Trump hints US and Mexico on verge of trade agreement amid NAFTA renegotiation
AFP

Trade negotiations with Mexico have reached a critical juncture.

A trade deal will need to be announced this week or will likely have to wait until next year, according to Trump administration officials.

Under U.S. rules governing trade deals, President Donald Trump is required to give Congress 90 days notice of its intent to sign a trade agreement. Both Mexican and U.S. officials hope to sign a new agreement before December 1, 2018, when Mexico’s new president, Andrés Manuel López Obrador, takes office.

“That effectively makes next week the drop-dead point,” one person familiar with the thinking inside the Trump administration said.

Obrador has told Trump that he would like the deal completed before he takes office. Any deal that would be signed after Obrador takes office is likely to involve renegotiating certain provisions to reflect the new president’s populist mandate.

“If it doesn’t get done, it isn’t a disaster. We could still get a deal done in the next administration but everyone wants this done this year, before December first,” the person said.

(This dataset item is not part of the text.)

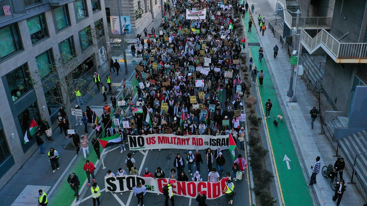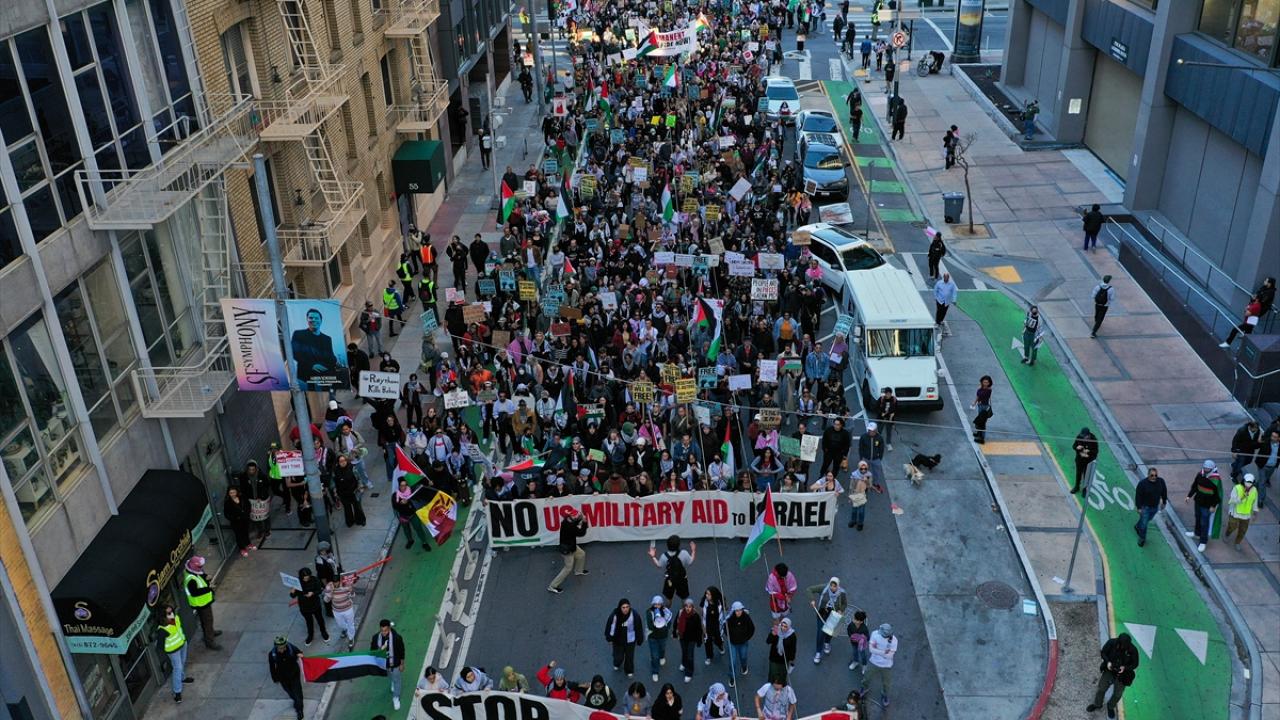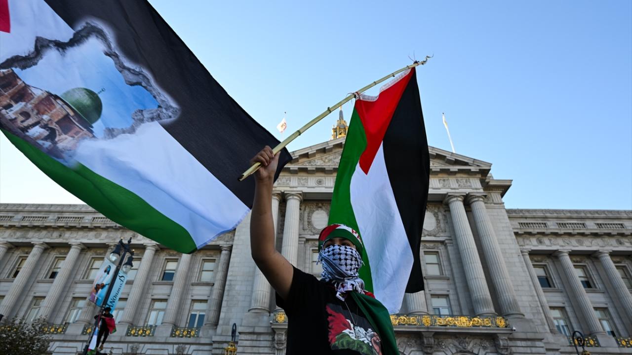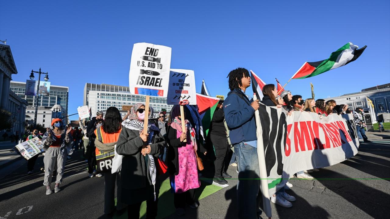 ABD'nin San Francisco kentinde belediye binası önünde toplanan göstericiler, İsrail'in Gazze'ye saldırılarını protesto etti.
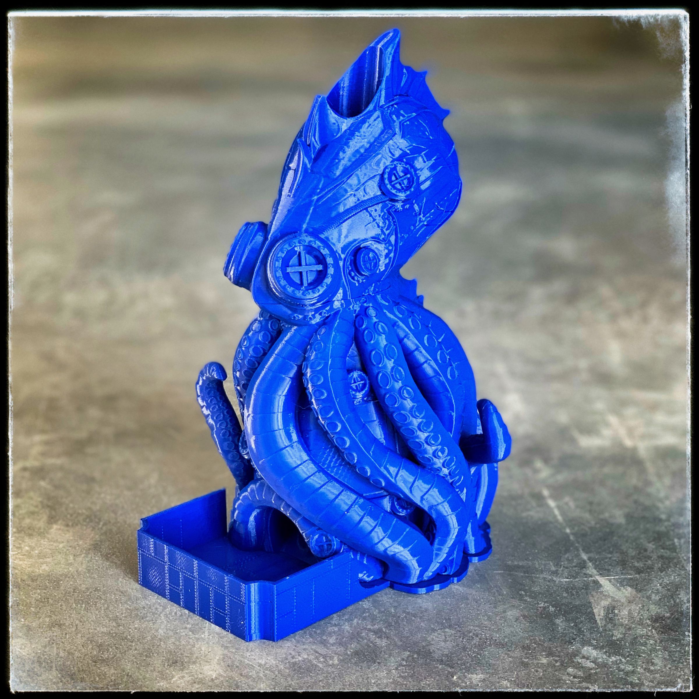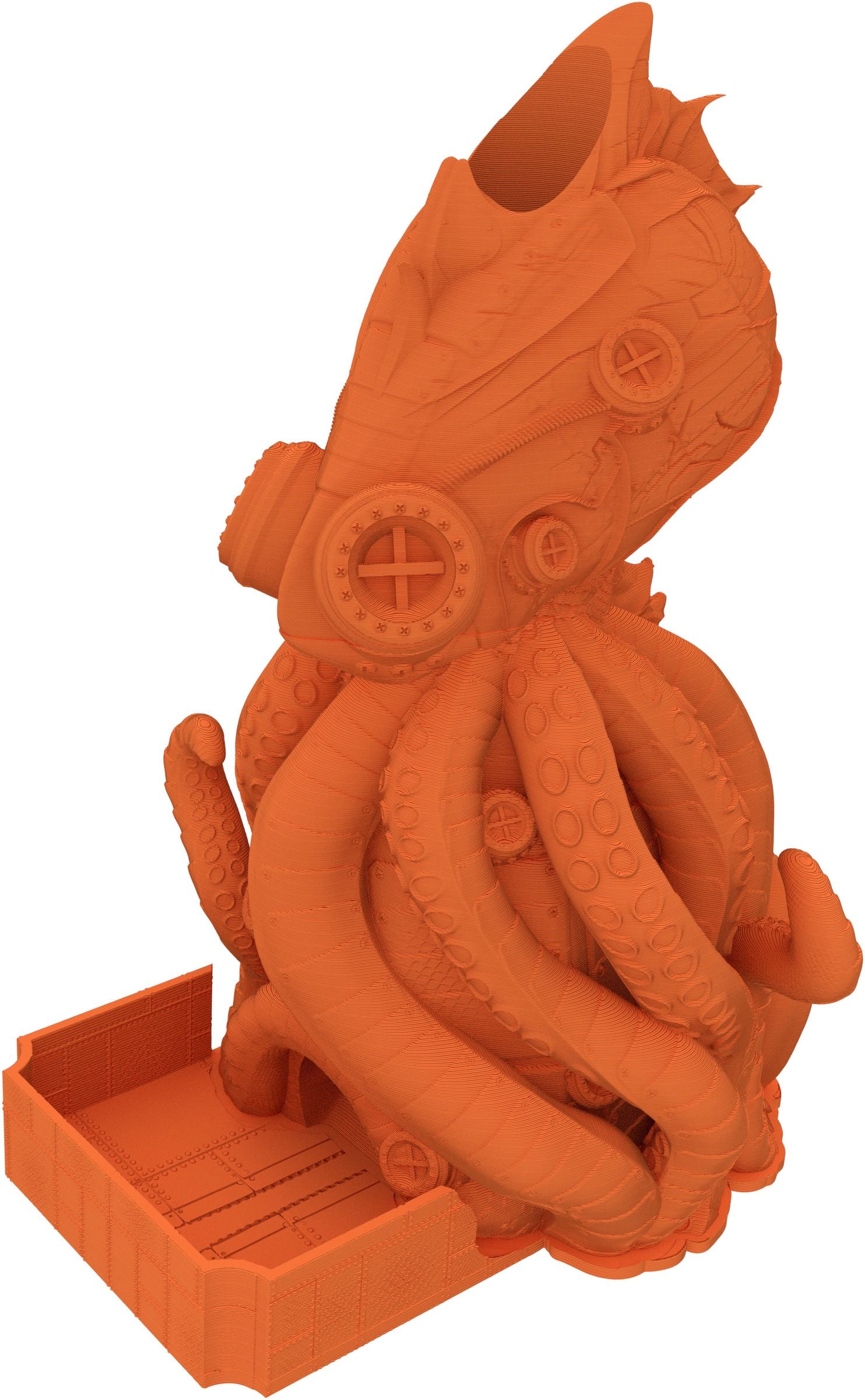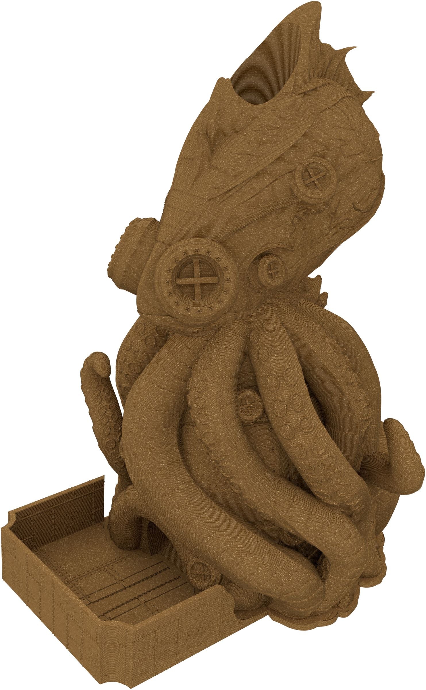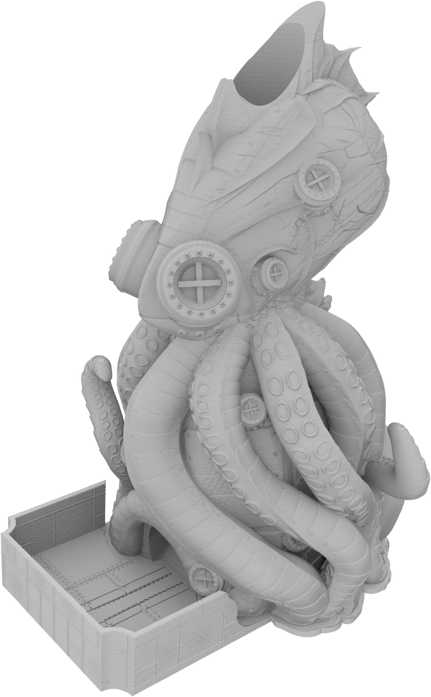 3D printed - detailed dice tower, with removable roof and exchangeable dice tray. The Dice Tower can also be used as a terrain part for your miniatures game or as a center piece for your next DnD session.

It still is unclear if the Trump administration may strike a side deal with Mexico or attempt to get Canada to sign onto changes with NAFTA, according to people briefed on the matter. The U.S. may try to force Canada to go along with changes to NAFTA by presenting the deal with Mexico as a done deal, threatening to exit NAFTA if Canada doesn’t go along with the deal.

“Canada’s worst fear is a bilateral deal between the U.S. and Mexico that leaves our northern neighbors out in the cold,” a former U.S. trade official said. That, however, is not without risk. Canada may react to any perceived coercion by hardening its stance against U.S. demands. Canadian Prime Minister Justin Trudeau faces domestic political pressure to stand up to Trump.

But even if Canada balks, that might not be so bad. The U.S. could strike a bilateral deal with Mexico more quickly than it could revise NAFTA. And the NAFTA likely would require a vote by Congress that wouldn’t take place until at least next year, when the new Congress is seated.